La plupart accusent Mourad Farès, un Franco-Marocain aujourd'hui soupçonné d'avoir été l'un des principaux recruteurs de djihadistes français en Syrie, de les avoir "manipulés". Karim Mohamed-Aggad évoquera même, devant les enquêteurs, un "petit lavage de cerveau".

Une version toutefois démentie par le principal intéressé. Devant les juges, Mourad Farès, incarcéré en France après avoir été arrêté en Turquie en août 2014, a assuré qu'ils avaient tous l'intention de faire le djihad armé.

Pour l'accusation, l'argument humanitaire avancé par les prévenus ne tient pas, notamment parce qu'ils n'ont pas contacté d'association et parce que certains apparaissent sur des photos armes à la main, ou arborant le drapeau de l'EEIL.

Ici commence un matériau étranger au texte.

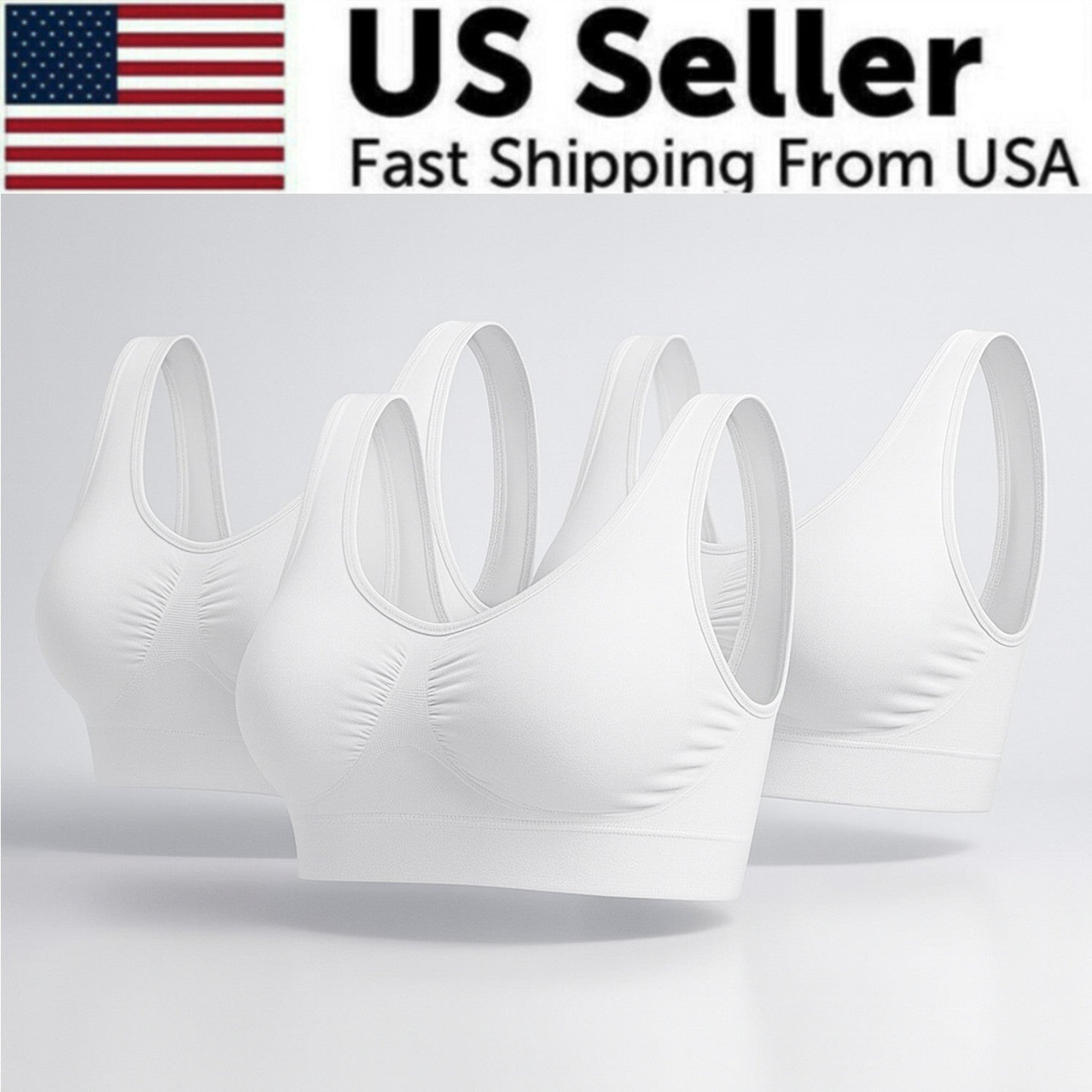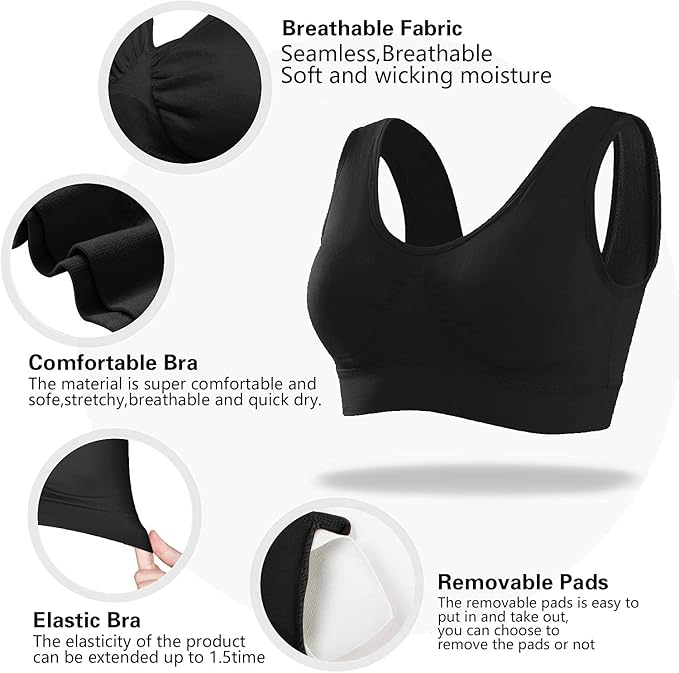 Sport Bras Seamless Wire-Free Light Support Tank Sports Yoga Sleep Bra 3 Pack US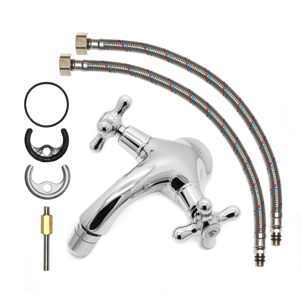 Смеситель универсальный для раковины и биде латунный двухвентильный с гибкой подводкой ELGHANSA 4902754, хром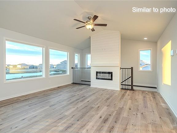 Introducing the NEW Quincy Ranch Plan built by Greenland Homes! This beautifully designed home features three bedrooms and two bathrooms. The open-concept living room boasts a stunning full-stone fireplace, creating a cozy yet sophisticated centerpiece for the space.
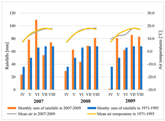 The weather conditions during the growing season in 2007–2009 were characterized by changeable air temperatures and rainfalls (Figure 5, Table 6).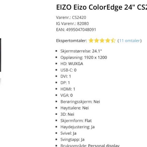Selger en profesjonell EIZO ColorEdge CS2420-BK 24" skjerm kjøpt ny i juni 2024. Den er svært lite brukt og fremstår som tilnærmet ny. Perfekt for fotografer, designere og andre som trenger nøyaktige farger og stabil bildekvalitet.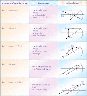 เมื่อ s′= ระยะภาพ s = ระยะวัตถุ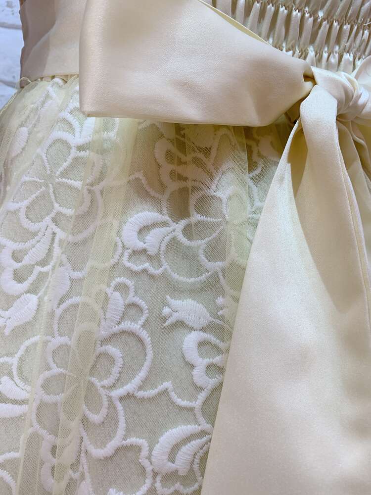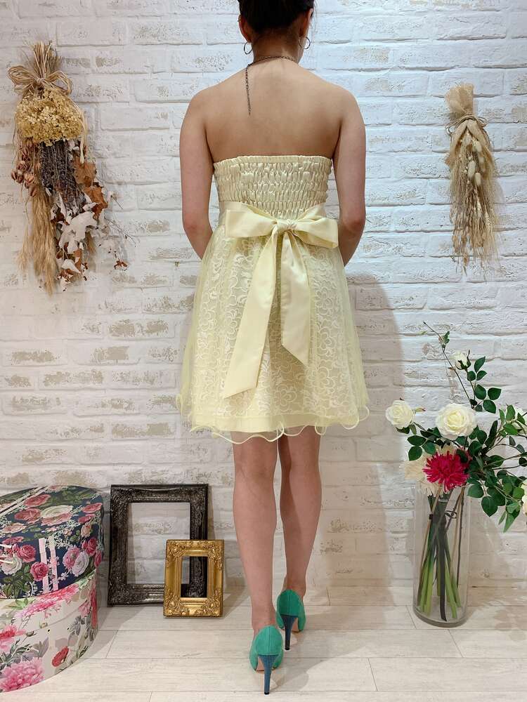 パステルイエローがキュートでさわやかなミニベアドレスです。花柄刺繍の上にチュール生地が重なったデザインです。ウエストのリボンはバックで結んでもフロントで結んでも可愛いです。着丈は短めなので身長が低い方もバランス良く着用して頂けます。背中部分はシャーリングゴムで伸縮性有り。結婚式参列、女子会、謝恩会などにもおすすめ。結婚式参列などお呼ばれシーンにはボレロやストールなど羽織り物を羽織って頂くと露出感も安心です。数着ございますのでブライズメイドにもおすすめの商品です。

Interrogé par les enquêteurs, Karim Mohamed-Aggad assurera avoir été contraint de poser pour ces photos, qui devaient servir de propagande. "On vous demande de faire des choses, comme de poser avec l'arme, et si vous ne voulez pas, on vous suspecte, on vous demande si vous êtes de la police. Ce n'est pas le club Dorothée là-bas", expliquera-t-il.

Pourtant, juste avant son retour en France, il dira à son père, de Syrie : "On est bien nous ici (...) On a notre arme. On se balade. Y a la charia (...) On mange, on s'entraîne, on combat les kouffars (mécréants-NDLR)."

Pendant le procès, les prévenus, qui encourent jusqu'à dix ans de prison, s'attacheront sans doute à se distancier un maximum de Foued Mohamed-Aggad, auteur d'un attentat-suicide.

Il était "un peu différent", "parti dans son délire", a déjà assuré l'un d'eux aux enquêteurs. Karim Mohamed-Aggad a dit ne pas savoir pourquoi son frère était resté en Syrie.